The problem.
Everything in the data gets repeated exactly, except for the pictures.

Data extract.

--------------------

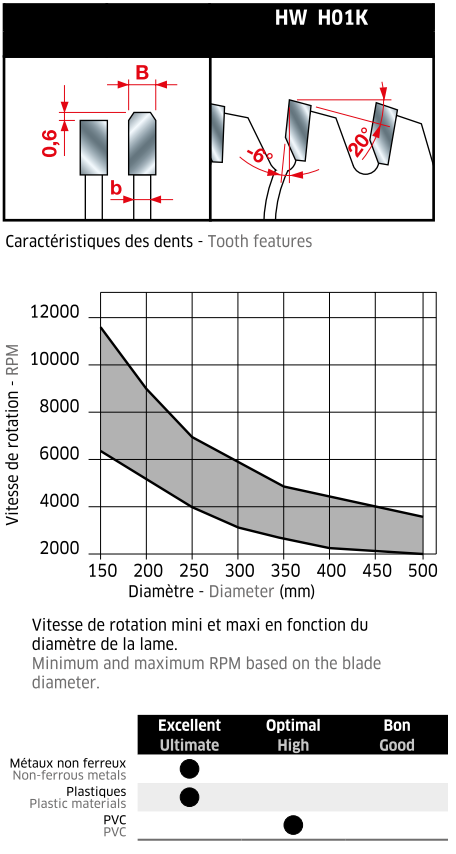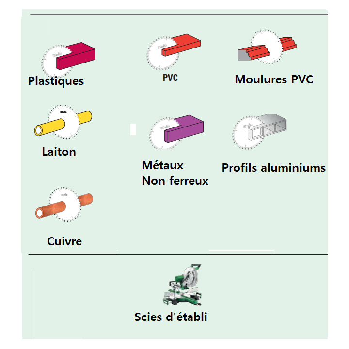 • Pour Scies à onglets avec fixation manuelle ou mécanique de la pièce à couper.
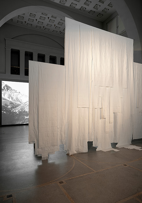 헤센주립박물관(Hessisches Landesmuseum)에는 베를린을 기반으로 활동하는 피나 외그렌지의 단채널 영상 ‘눈사태(Avalanche, 2022)’가 눈길을 은근히, 그러면서도 강하게 잡아끈다. 아버지의 고향이자 터키 남부의 국경 산악 지대인 무쿠스의 쿠르드인들이 겪은 국가적, 종교적 탄압, 그리고 자연재해로 인한 과거의 죽음과 현재의 위태로움을 눈 덮인 풍경, 아카이브 사진과 오버랩하는 이 작업은 시적인 영상미와 호소력 있는 내러티브로 상당수 관람객들로 하여금 1시간의 러닝 타임 내내 자리를 못 뜨게 만드는 힘을 지니고 있다. 입구에 드리운 티슈 설치물은 현지 여인들이 손바느질한 것으로, 떠난 이들에 대한 기억과 애도를 담고 있다. 베텐하우젠 지역의 할렌바트 오스트(Hallenbad Ost)는 1929년 바우하우스 양식으로 지은 실내 수영장으로 2009년 이후 빈 공간이었다. 도쿠멘타15는 인도네시아 컬렉티브 타링 파디의 대형 배너와 포스터, 등신대 크기의 카드보드지 인형으로 도시의 구성원들이 기억하는 이 공간의 경험을 재정의한다. 2021년 독일의 제조사 휘브너가 도쿠멘타15에 일부 양도한 산업 부지의 휘브너 에어리얼(Hu··bner areal)에서는 전시와 협업, 콘서트, 연극 등이 이루어지는 것은 물론 작가들이 만든 상품을 판매하는 룸붕 키오스크가 운영된다. 이 밖에도 풀다 강변과 도심 공원 카를스우에, 지하도로 등 카셀 곳곳에 지속 가능한 유무형의 가치, 물질/비물질의 재료, 공간, 문화적 다양성이나 갈등에 대한 접근이 이뤄지고 있다. 오프닝 기간의 룸붕 프로그램과 더불어 광장이나 공원처럼 누구나 접근 가능한 공공장소를 뜻하는 메이단(Meydan) 프로그램은 워크숍, 토크, 퍼포먼스, 스크리닝, 그리고 다양한 모임의 형태로 매달 둘째 주 주말(금요일부터 일요일)에 진행된다.
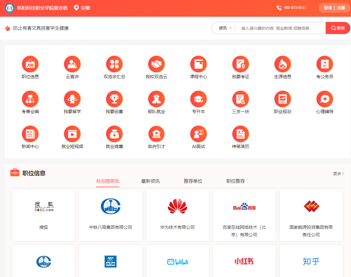 阜陽(yáng)科技職業(yè)學(xué)院專屬就業(yè)橋上線啦!
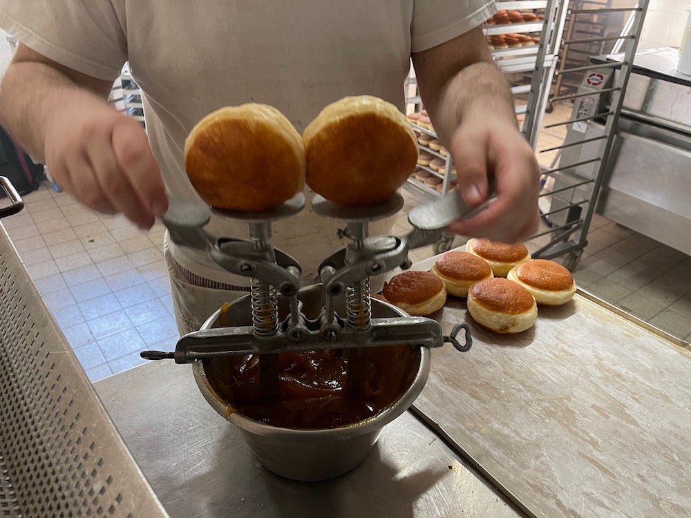 Der Standard-Krapfen ist ein Siedegebäck, das schwimmend in Fett ausgebacken wird. Er beseht aus süßem Hefeteig mit einer Füllung aus Konfitüre und meist mit feinem Zucker bestäubt oder mit einer Glasur überzogen wird. Ein wesentliches Kennzeichen des Krapfens ist sein heller Ring um die Mitte, auch Bauchbinde oder Ranft genannt. Dieser Ring entsteht, wenn der noch ungebackene Krapfen zunächst bei geschlossenem Deckel drei Minuten gebacken wird. Ich interessiere mich vor allem, wie die Marmelade in den Krapfen kommt. Dazu habe ich ein Video über die Krapfenproduktion gedreht.

--------------------

Answer to the problem.
 • Pour Scies à onglets avec fixation manuelle ou mécanique de la pièce à couper.
 헤센주립박물관(Hessisches Landesmuseum)에는 베를린을 기반으로 활동하는 피나 외그렌지의 단채널 영상 ‘눈사태(Avalanche, 2022)’가 눈길을 은근히, 그러면서도 강하게 잡아끈다. 아버지의 고향이자 터키 남부의 국경 산악 지대인 무쿠스의 쿠르드인들이 겪은 국가적, 종교적 탄압, 그리고 자연재해로 인한 과거의 죽음과 현재의 위태로움을 눈 덮인 풍경, 아카이브 사진과 오버랩하는 이 작업은 시적인 영상미와 호소력 있는 내러티브로 상당수 관람객들로 하여금 1시간의 러닝 타임 내내 자리를 못 뜨게 만드는 힘을 지니고 있다. 입구에 드리운 티슈 설치물은 현지 여인들이 손바느질한 것으로, 떠난 이들에 대한 기억과 애도를 담고 있다. 베텐하우젠 지역의 할렌바트 오스트(Hallenbad Ost)는 1929년 바우하우스 양식으로 지은 실내 수영장으로 2009년 이후 빈 공간이었다. 도쿠멘타15는 인도네시아 컬렉티브 타링 파디의 대형 배너와 포스터, 등신대 크기의 카드보드지 인형으로 도시의 구성원들이 기억하는 이 공간의 경험을 재정의한다. 2021년 독일의 제조사 휘브너가 도쿠멘타15에 일부 양도한 산업 부지의 휘브너 에어리얼(Hu··bner areal)에서는 전시와 협업, 콘서트, 연극 등이 이루어지는 것은 물론 작가들이 만든 상품을 판매하는 룸붕 키오스크가 운영된다. 이 밖에도 풀다 강변과 도심 공원 카를스우에, 지하도로 등 카셀 곳곳에 지속 가능한 유무형의 가치, 물질/비물질의 재료, 공간, 문화적 다양성이나 갈등에 대한 접근이 이뤄지고 있다. 오프닝 기간의 룸붕 프로그램과 더불어 광장이나 공원처럼 누구나 접근 가능한 공공장소를 뜻하는 메이단(Meydan) 프로그램은 워크숍, 토크, 퍼포먼스, 스크리닝, 그리고 다양한 모임의 형태로 매달 둘째 주 주말(금요일부터 일요일)에 진행된다.
 阜陽(yáng)科技職業(yè)學(xué)院專屬就業(yè)橋上線啦!
 Der Standard-Krapfen ist ein Siedegebäck, das schwimmend in Fett ausgebacken wird. Er beseht aus süßem Hefeteig mit einer Füllung aus Konfitüre und meist mit feinem Zucker bestäubt oder mit einer Glasur überzogen wird. Ein wesentliches Kennzeichen des Krapfens ist sein heller Ring um die Mitte, auch Bauchbinde oder Ranft genannt. Dieser Ring entsteht, wenn der noch ungebackene Krapfen zunächst bei geschlossenem Deckel drei Minuten gebacken wird. Ich interessiere mich vor allem, wie die Marmelade in den Krapfen kommt. Dazu habe ich ein Video über die Krapfenproduktion gedreht.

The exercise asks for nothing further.